- **Assignment**:
Nothing but the lines from the one including "De VATESI® Reisetui" through the last line of the entries, restated exactly, should appear in the answer; omit the pictures.

- **Records for the task**:

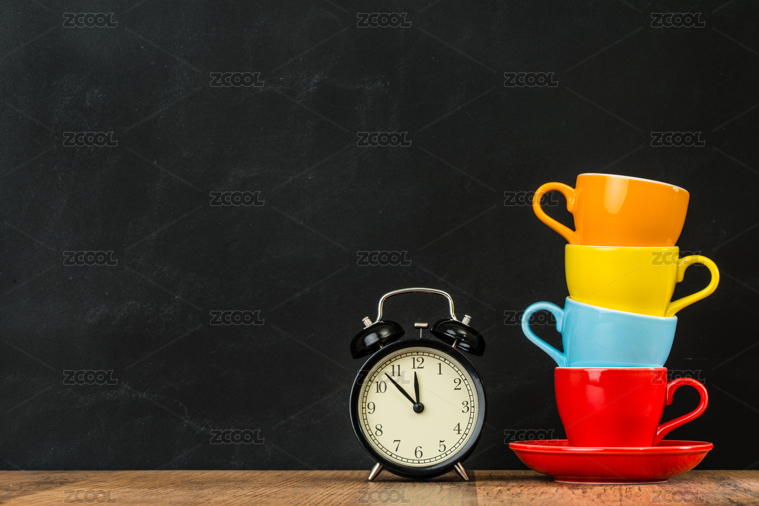 對木材紋理地板上有四個堆疊色澤誘人的咖啡杯創(chuàng)意工作室的黑板墻背景復古小鬧鐘顯示設計COPYSPACE。
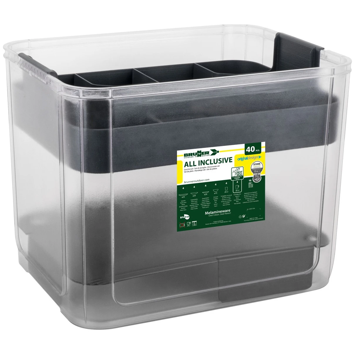 Das All Inclusive VIP Granada Brunner Geschirrset beinhaltet insgesamt 40 Teile, die aus einer Kombination von Melamin und Mineralstaub für Bruchfestigkeit gefertigt sind, zusätzlich mit rutschfester Gummierung.
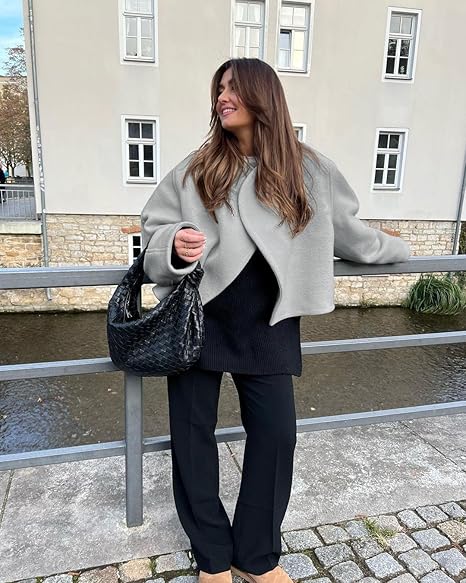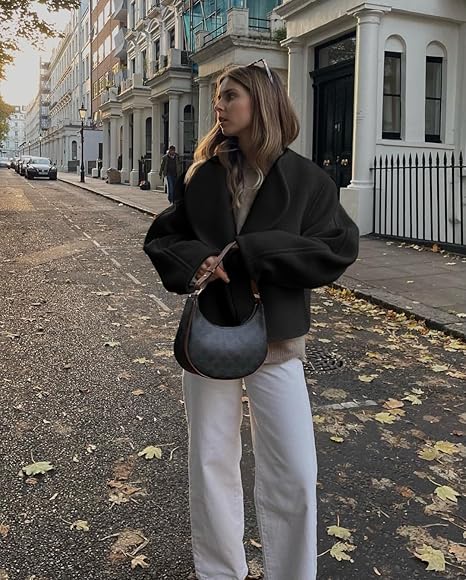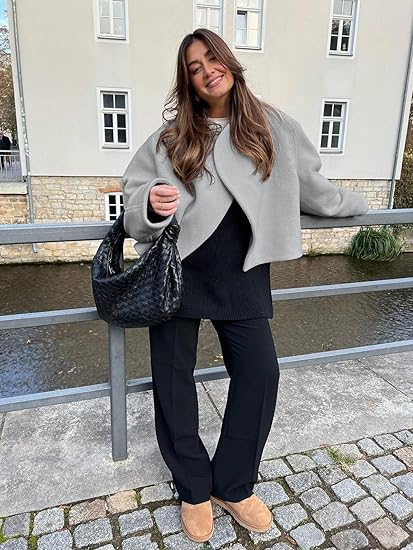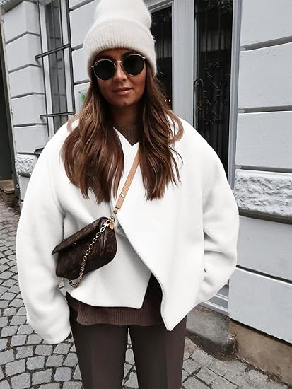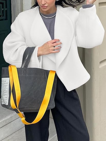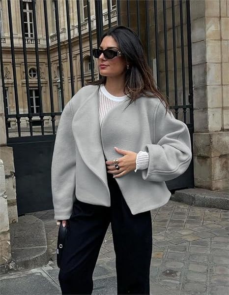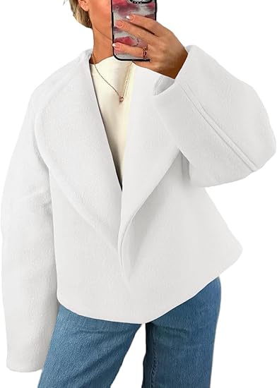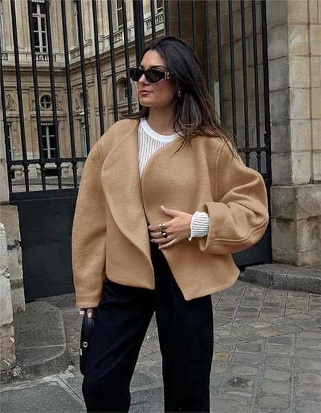 Tankaneo Womens Oversized Cropped Pea Coat Lapel Open Front Jacket Winter Short Outerwear
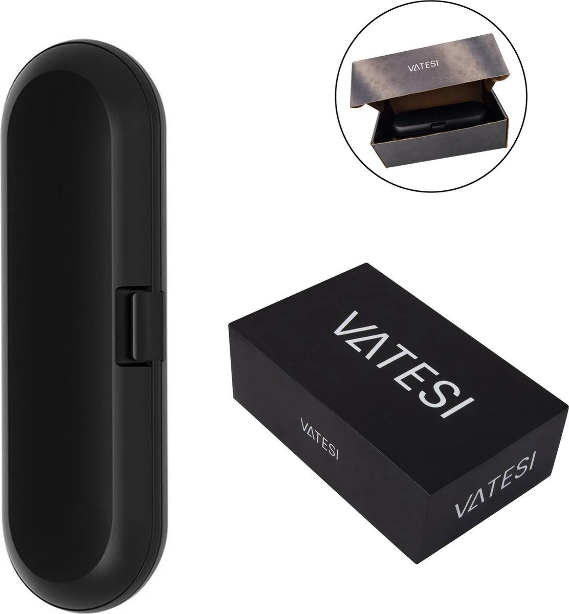 De VATESI® Reisetui is uiterst geschikt om je elektrische tandenborstel in te bewaren voor als je op reis gaat. De reisetui is geschikt voor vele elektrische tandenborstels van Oral B (onderaan kun je een lijst met geschikte tandenborstel vinden). Naast de tandenborstel kan je ook nog twee opzetborstels in de reisetui kwijt. Door de kleine gaatjes die aan beide uiteinden zit blijven je borstels niet vochtig maar drogen ze mooi op na gebruik.
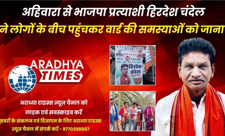 आराध्या टाइम्स डेस्क /भारतीय जनता पार्टी के प्रत्याशी हिरदेश चंदेल कर रहे प्रचार प्रसार लोगों के बीच पहुंचकर वार्ड की समस्याओं को जाना लोगों के बीच पहुंचकर वार्ड की समस्याओं को जाना जीत के आने पर मूलभूत सुविधाओं पर करेंगे कार्य अहिवारा में नगरीय निकाय चुनाव के लिए प्रचार प्रसार शुरू हो गया है इसी कड़ी में भारतीय जनता पार्टी के प्रत्याशी हिरदेश चंदेल वार्ड क्रमांक 12 से पार्षद के प्रत्याशी है हिर्देश चंदेल लोगों के बीच पहुंचकर चुनाव प्रचार कर रहे है और लोगों से अपने लिए वोट की अपील कर रहे है साथ ही वार्ड वासियों से उनकी समस्या के बारे में चर्चा कर रहे है एवं जीत के आने के बाद वार्ड वासियों के समस्या का समाधान करने का संकल्प कर रहे है
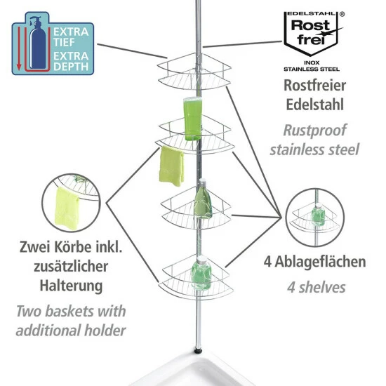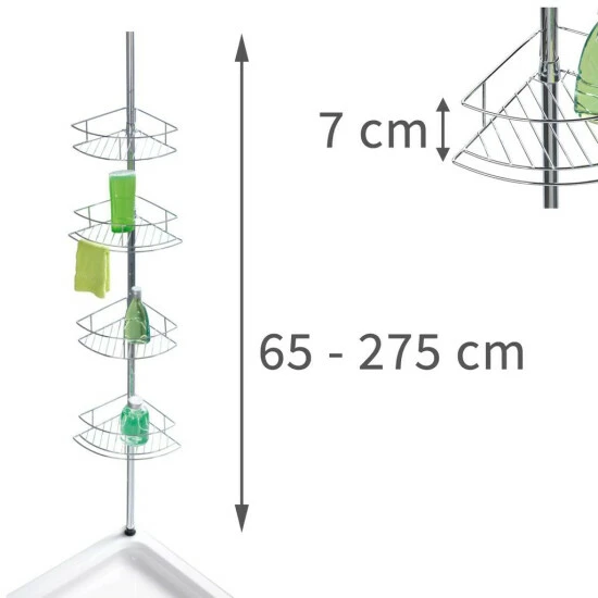 - Flexibilität im Badezimmer: Das dekorative Duscheckregal ohne Bohren von WENKO ist durch die von 65 bis 275 cm höhenverstellbare Edelstahl-Teleskopstange universell in Bad und Dusche einsetzbar

- **Answer**:
 De VATESI® Reisetui is uiterst geschikt om je elektrische tandenborstel in te bewaren voor als je op reis gaat. De reisetui is geschikt voor vele elektrische tandenborstels van Oral B (onderaan kun je een lijst met geschikte tandenborstel vinden). Naast de tandenborstel kan je ook nog twee opzetborstels in de reisetui kwijt. Door de kleine gaatjes die aan beide uiteinden zit blijven je borstels niet vochtig maar drogen ze mooi op na gebruik.
 आराध्या टाइम्स डेस्क /भारतीय जनता पार्टी के प्रत्याशी हिरदेश चंदेल कर रहे प्रचार प्रसार लोगों के बीच पहुंचकर वार्ड की समस्याओं को जाना लोगों के बीच पहुंचकर वार्ड की समस्याओं को जाना जीत के आने पर मूलभूत सुविधाओं पर करेंगे कार्य अहिवारा में नगरीय निकाय चुनाव के लिए प्रचार प्रसार शुरू हो गया है इसी कड़ी में भारतीय जनता पार्टी के प्रत्याशी हिरदेश चंदेल वार्ड क्रमांक 12 से पार्षद के प्रत्याशी है हिर्देश चंदेल लोगों के बीच पहुंचकर चुनाव प्रचार कर रहे है और लोगों से अपने लिए वोट की अपील कर रहे है साथ ही वार्ड वासियों से उनकी समस्या के बारे में चर्चा कर रहे है एवं जीत के आने के बाद वार्ड वासियों के समस्या का समाधान करने का संकल्प कर रहे है
 - Flexibilität im Badezimmer: Das dekorative Duscheckregal ohne Bohren von WENKO ist durch die von 65 bis 275 cm höhenverstellbare Edelstahl-Teleskopstange universell in Bad und Dusche einsetzbar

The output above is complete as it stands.